Иди себе и, что дойдёшь, уверуй.

Пусть вьюгам – вьюжье: снежная страда,

Хмельные вопли, холода шальные, –

Они ведь до поры: они больные.

Ведь вьюги что? – весенняя вода.

 

СЫНУ

Нянасце абяскровіла зару:

Паўцемра тут і ноччу, і апоўдні.

Надвор’е – не тавар. Скажы: «Бяру!»

Але заўсёды пра завеі помні.

Бяры і не ўздыхай. Скажы: «Змагу!»

Ідзі, ды ведай: доўга да начлегу,

І, можа, толькі дзень да першаснегу.

І ўздыху – важкі груз твой на шляху.

Пустыя страсці ветрам абтрасай –

Ты вымярай свой шлях надзейнай мерай.

Трывожся, хоць крычы, ды не ўздыхай.

І ў тое, што зноў дойдзеш, ты уверуй.

Няхай завеі – снежная бяда,

Плач-лямант хмельны, сівер, халадэча,

Ды неўзабаве – і з вясной сустрэча.

Завеі што? – вясенняя вада.

 

 

* * *

Чем, берёзки, вы лето обидели?

Перемены в беспечном лесу!

Стало вкрадчиво в буйной обители,

Поднебесные выси – внизу.

Зашаманит крут-сиверко к вечеру:

«Красно лето сгорело вчера.

Осень рядом.
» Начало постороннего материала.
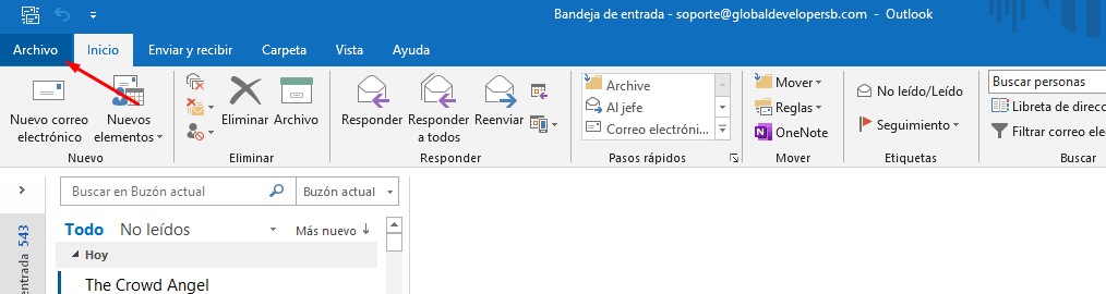 Deberá ir a panel de herramientas de Outlook y darle Clic en la opción Archivo.
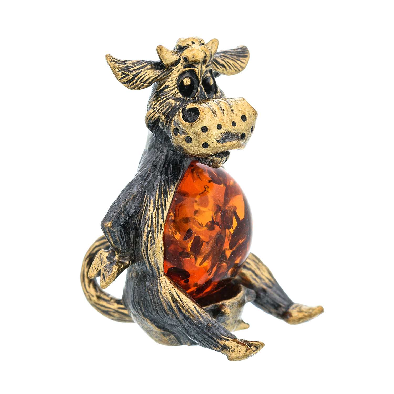 Статуэтка с янтарем "Корова - копытца в боки".
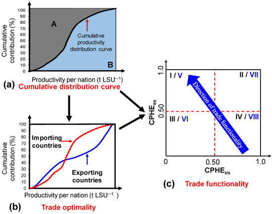 The illustration of the cumulative distribution curve used to determine the concentration of production in high-efficiency countries (CPHE, equal to the area of A/(A + B) (a), and illustration of the theory of trade optimality (b) and trade functionality (c), with the curve and theory derived from Bai et al. (2021a) [19].

Сочувствовать нечему.

Вспышка кветени – лишь мишура…»

Пресным холодом густо пропитанный

Лес, как праздник отгулянный, пуст.

Над болотиной кустик ракитовый

Ронит лист, будто жалобу с уст.

Небо тучи сушить понавесило:

То их выжмет, заплакав, то вдруг

Рассмеётся по-летнему весело,

Кинув пригоршню солнышка в луг.

И земля, на Покров овдовелая,

Вновь затеплится от желтизны.

И смешается радость несмелая

С гулкой грустью озябшей желны.

Вроде, большего нет и не надобно:

Весь ты счастьем дышать занемог.

Но в распахнутом горле негаданно

Ворохнётся солёный комок.

Зажалеешь, сольёшься с окраиной,

А чего тебе жалко, Бог весть.

И у ног огонёк неприкаянный –

Колоколец – не может отцвесть.

 

 

* * *

Чым, бярозкі, вы лета пакрыўдзілі?

Перамены у лесе цяпер!

Там сягоння паднебныя высі,

Дзе буяў прыбярэжны аер.

Зашаманіць вятрыска к вечару:

«Лета ўчора пайшло са двара.

Восень хутка. Ўсё быццам знявечана.

Ўспышка квецені – бляск-мішура…»

Прэсным холадам густа насычаны

Лес пусты, як святочны фінал.

Быццам скаргі, лісты ўсе падлічаны –

Сыпле імі вярба у прагал.

Неба хмары сушыцца развесіла:

Адціскае іх мокры ланцуг,

Засмяецца па-летняму весела,

Кіне прыгаршчу сонца на луг.

І зямля, на Пакроў аўдавелая,

Зноў зацепліцца ад жаўцізны!

І змяшаецца радасць нясмелая

З гулкім сумам азяблай жаўны.

Мо табе і не хочацца большага:

Дыхаць шчасцем – ці гэта знарок?

Ды у горле тваім насцярожана

Зварухнецца салёны клубок.

Засумуеш, зліешся з ускраінай.

І чаго ты шкадуеш, дзівак?

Ды званочак ля ног непрыкаяны,

Адцвісці ён не можа ніяк.

 


«Человек я верующий, русский, деревенский, счастливый, на всё, что не против Совести, готовый! Чего ещё?»